Lab 10: Machine learning project
Due May 8 by midnight


Machine Learning Contests

In the past decade, a large amount of work in machine learning has been motivated by various contests and challenges. One of the best known was the Netflix prize (official site, Wikipedia), which offered $1M to the team that could improve the site's recommendation system by 10%. The Netflix prize was claimed in 2009; since then machine learning contests have become commonplace.

For this project you will take on a machine learning challenge of your choice from kaggle. Some of these contests are currently active, with prizes available. However, you are welcome to work on contest problems that have expired or (with approval) on another machine learning problem of your choosing. On kaggle, you can see old under all competitions.

Many of these challenges involve large data sets that could quickly blow through your disk quota. To avoid this, you can save them to /scratch (instructions), which is unlimited, but isn't backed up. Also, take a look at the department's suggestions for long running jobs.

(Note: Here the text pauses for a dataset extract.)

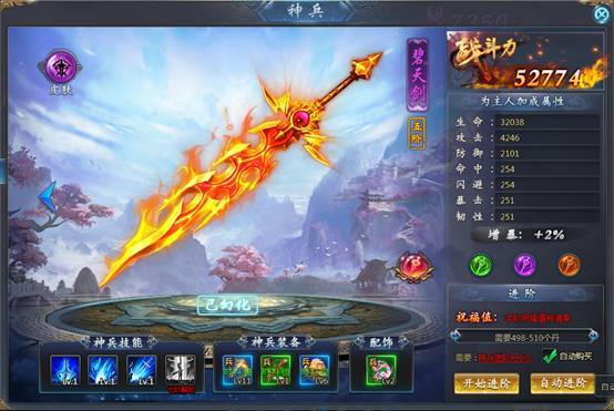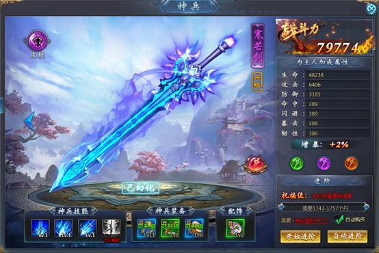神兵是人物武器的外显系统,会为主角增加属性,神兵系统上还可以佩戴3件神兵装备以及一件配饰,三件神兵装备各为主角增加攻、防、血单项属性,配饰增加攻防血三项属性,随着神兵的进阶,玩家还可以使用神兵技能书提升血量、防御、命中、韧性四项属性,三阶开始能给神兵系统使用神兵成长丹,分为神兵成长丹、神兵潜能丹、神兵突破丹三种,可以为神兵系统额外增加大量的属性。

In order to download data, you will need to sign up for a free account. Kaggle also has a discussion forum, which may have useful suggestions, especially if you are working on an active contest.

Tools

For this project you should not use the code that you have written in previous labs to implement machine learning algorithms. Instead, you should make as much use as you can of the machine learning libraries scikit-learn and keras. We have seen both of these libraries before: in labs 7 and 8. Keras is an excellent resource for neural networks; scikit-learn should be your go-to library for all other machine learning algorithms.

Scikit-Learn

Scikit-learn is a collection of Python libraries that implement a large number of machine learning algorithms. We previously used the sklearn implementation of support vector machines in lab 8. Scikit-learn has a huge collection of classification, clustering, and regression techniques. Here is the documentation for sklearn implementations of many of the algorithms we have studied:

Scikit-learn also has modules for preprocessing data and for evaluating models with cross validation. Feel free to poke around in the scikit-learn documentation for other tools and algorithms.

Keras

Keras provides an easy-to-use python interface to the TensorFlow and Theano deep learning libraries. In lab 7, we used keras to train neural networks on the MNIST handwritten digit data set. Scikit-learn has a rudimentary neural network implementation, but if you plan on using neural networks in you project, you should use Keras.

Ensemble Methods

The Netflix prize was open for nearly three years, during which time several research teams improved prediction scores using a variety of machine learning methods. The prize was ultimately won by a meta-group of research teams whose meta-algorithm ran each team's classifier in parallel and made recommendations based on their joint results. This outcome demonstrates the power of ensemble learning.

Ensemble learning is based on the idea that combining the output of many weak classifiers can make a strong classifier that outperforms all of its component parts. Ensemble learning is feasible as long as all of the component classifiers are useful (they perform better than random guessing) and not entirely redundant (they sometimes give different answers).

Two common methods for ensemble learning are boosting and bagging. Boosting works by training many weak classifiers (such as shallow decision trees) on the same data and then taking a plurality vote or weighted average over their outputs in order to classify a new point. Bagging works by training many highly specific classifiers (such as deep decision trees) on random subsets of the data, and again taking a vote or average over their output labels.

You are expected to use at least one ensemble method in your project. The ensemble method may or may not be the best learning algorithm for your task, but your writeup should report the results of testing the ensemble against its component algorithms. Several variations on boosting and bagging are implemented by scikit-learn. Documentation can be found in the ensemble methods section.

Submitting

Before the deadline, you need to submit the following things through git:

In addition, you must turn in a hard copy of the writeup pdf outside my office.

In the LaTex file, project.tex, you will describe your project. This file already contains a basic structure that you should follow. Feel free to change the section headings, or to add additional sections. Recall that you use pdflatex to convert the LaTex into a pdf file. Here is a template for your paper.

As your project develops and you create more files, be sure to use git to add, commit, and push them. Run: git status to check that all of the necessary files are being tracked in your git repo. Don't forget to update the README so that I can test your code!